Her gün okyanuslara, ırmaklara ve göllere 2 bin çöp kamyonu dolusu plastik atıldığını hayal edebiliyor musunuz? Her yıl yaklaşık 23 milyon ton plastik, su ekosistemine karışıyor. Denizlerimizi kirletiyor. Üstelik yalnızca çevresel değil, toplumsal, ekonomik ve sağlıkla ilgili riskler de taşıyor. Hem habitatları hem de doğal süreçleri bozarak ekosistemlerin iklim değişikliğine ahenk gücünü zayıflatıyor.
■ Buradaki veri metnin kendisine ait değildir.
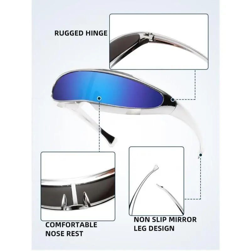 ·Metallic Wrap Around: The metallic wrap-around design makes these glasses ideal for raves and festivals. They are a trendy addition to your 2026 aesthetic streetwear. 🎉

Bu da milyonlarca insanın geçim kaynaklarını, besin üretimini ve toplumsal refahını doğrudan tehdit ediyor. Bu tehditle çabanın yolu sistematik bir dönüşümü hızlandırmaktan geçiyor. AB, tek kullanımlık plastikleri 2030’a kadar büsbütün yasaklamaya hazırlanıyor. Türkiye’de ise 27 Eylül 2017’de başlatılan Sıfır Atık Hareketi, bu alandaki gayretleri görünür kıldı. 2025 yılında başlayan depozito iade sistemi ve Eskişehir’in pilot bölge seçilmesi, kıymetli adımlar arasında yer alıyor.
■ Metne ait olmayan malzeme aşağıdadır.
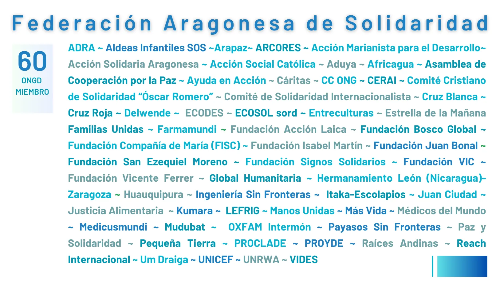 Conoce todas las entidades miembro de la Federación Aragonesa de Solidaridad en nuestro directorio de ONGD.

SKD Türkiye olarak biz de bu dönüşümün öncülerinden biri olma sorumluluğuyla hareket ediyoruz. Döngüsel Eserler ve Malzemeler Odak Alanımızda iş dünyası, kamu ve akademi ortasında iş birliğini artırıyoruz.
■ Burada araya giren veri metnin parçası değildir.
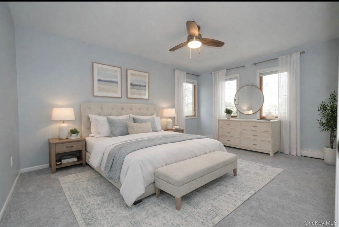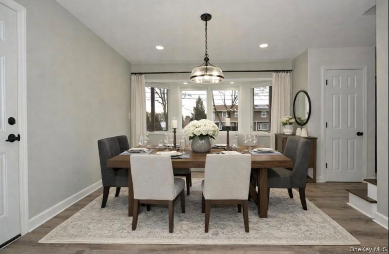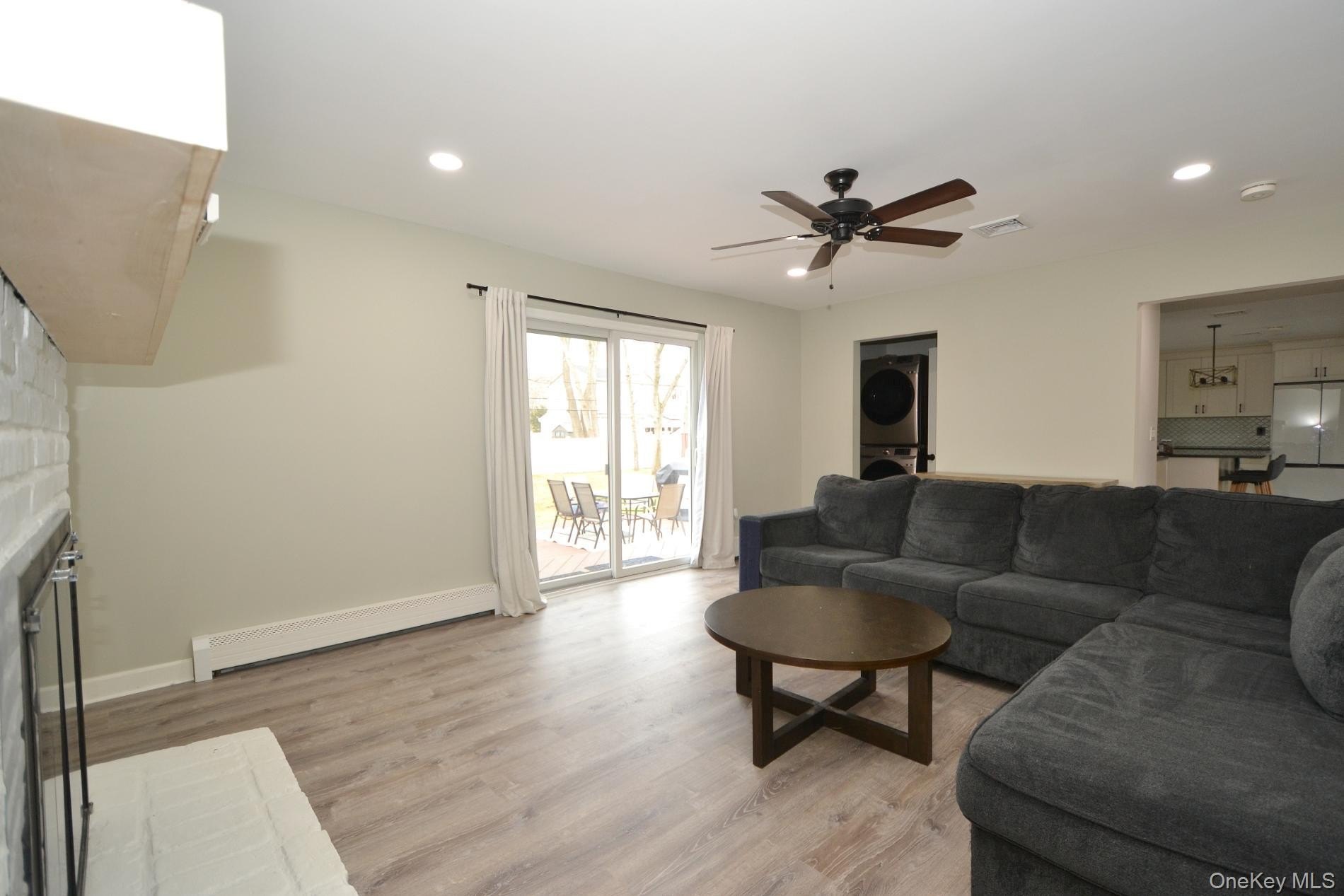 Welcome to 34 Stewart Circle. This beautifully updated 2100 sq ft Center Hall Colonial home features 4 bedrooms and 3.5 bathrooms providing plenty of room for comfort, relaxation and entertaining. Home has been completely renovated offering a seamless blend of timeless elegance and cutting edge smart home technology. Enter inside to discover a Spacious Formal Living Room on one side and a Formal Dining Room on the other side both featuring large Bay Windows that flood the space with natural light, High Hats, Molding, Luxury Vinyl Floors (2025). Continuing to a spacious custom-designed kitchen featuring high end Bespoke Samsung Appliances, 3 ft Farmhouse sink, Granite Countertops, large island with ample seating, Hi Hats and Storage - All appliances are WiFi enabled. Large family room complete with gas fireplace, Hi Hats and sliders to rear yard ?? Laundry Room and Powder Room Upper level features Primary Bedroom complete with Full Bath, 3 Additional Bedrooms and Family Bathroom. Underneath the cozy carpeting, you'll find white oak original hardwood floors, waiting to be revealed. Walk in Linen Closet. Full Basement 760 st ft with Outside Entrance, Utility Area, Huge Closet, 2 Windows and plenty of additional storage space. The spacious rear yard is totally fenced. Great for entertaining complete with a 3 Tier Deck, Paver Patio. . The home is equipped with central air conditioning, ensuring a comfortable environment during those hot summer months. The heating system is powered by natural gas, providing efficient warmth during the chilly seasons. Solar Panels provide additional savings and efficiency. These features add to the home's overall convenience and functionality. The exterior of the home is as impressive as the interior. The property sits on a level 1/3 acre, offering ample outdoor space. A Belgium block outlined driveway leads to a one-car garage, providing ample parking and storage. The property also features a 7 zone inground sprinkler system, ensuring your lawn stays lush and green. Centrally located, this home is in close proximity StonyBrook Hospital, to Schools, shopping amenities and public highways, making your daily commute and errands a breeze. Some photos were AI generated to add furniture.

2019’da UN Küresel Compact Türkiye ve TÜSİAD iş birliğiyle başlattığımız İş Dünyası Plastik Teşebbüsü (İPG), Türkiye’de bu alandaki birinci kolektif aksiyon platformu oldu. Girişime katılan 43 öncü şirket, tekrar kullanım, geri dönüşüm ve yenilenebilir materyal kullanımı sayesinde 2024’te toplam 76 bin 443 tonluk plastik azaltımı sağladı. Şirketler, taahhütlerini yüzde 173 oranında aşarak kayda kıymet bir muvaffakiyete imza attı.
Bu alandaki ihtiyaca karşılık vermek için DCube ve B4G iştirakinde 4 yıldır Türkiye Döngüsel İktisat Haftası’nı düzenliyoruz. Kamu ve özel kesim temsilcilerini bir ortaya getirerek iklim dostu tahliller, kaynak verimliliği ve döngüsel tasarım üzere hususlarda iş birliklerini destekliyoruz. Farkındalığı ve bilgiyi artırmak ismine CIRCO iş birliğiyle hayata geçirdiğimiz Döngüsel İş Tasarımı Eğitim Programı, Türkiye’de bu alanda verilen birinci sertifikalı eğitim oldu. 130’u aşkın şirketten 300’ün üzerinde iştirakçi, kendi süreçlerine özel tahliller geliştirme fırsatı buldu.
Bekleyecek vakit kalmadı
Dönüşüm hızlanıyor, lakin zaman süratle tükeniyor. Bu nedenle kamu, özel kesim, sivil toplum ve akademi ortasında daha derin ve kararlı bir iş birliğine her zamankinden fazla muhtaçlığımız var. Sadece siyasetlerle değil, zihinlerle ve davranışlarla da dönüşmeliyiz. Zira iklim krizine karşı koymak yalnızca bir etraf problemi değil; tıpkı vakitte bir adalet, eşitlik ve kalkınma sıkıntısıdır.
Dünya Etraf Günü’nün bu yılki teması olan “Plastik Kirliliğine Son” daveti, hepimize açık bir bildiri veriyor: Artık bekleyecek vakit kalmadı. Bugün atacağımız adımlar, yarının hayat alanlarını belirleyecek. Her birey, her kurum, her karar bir fark yaratabilir.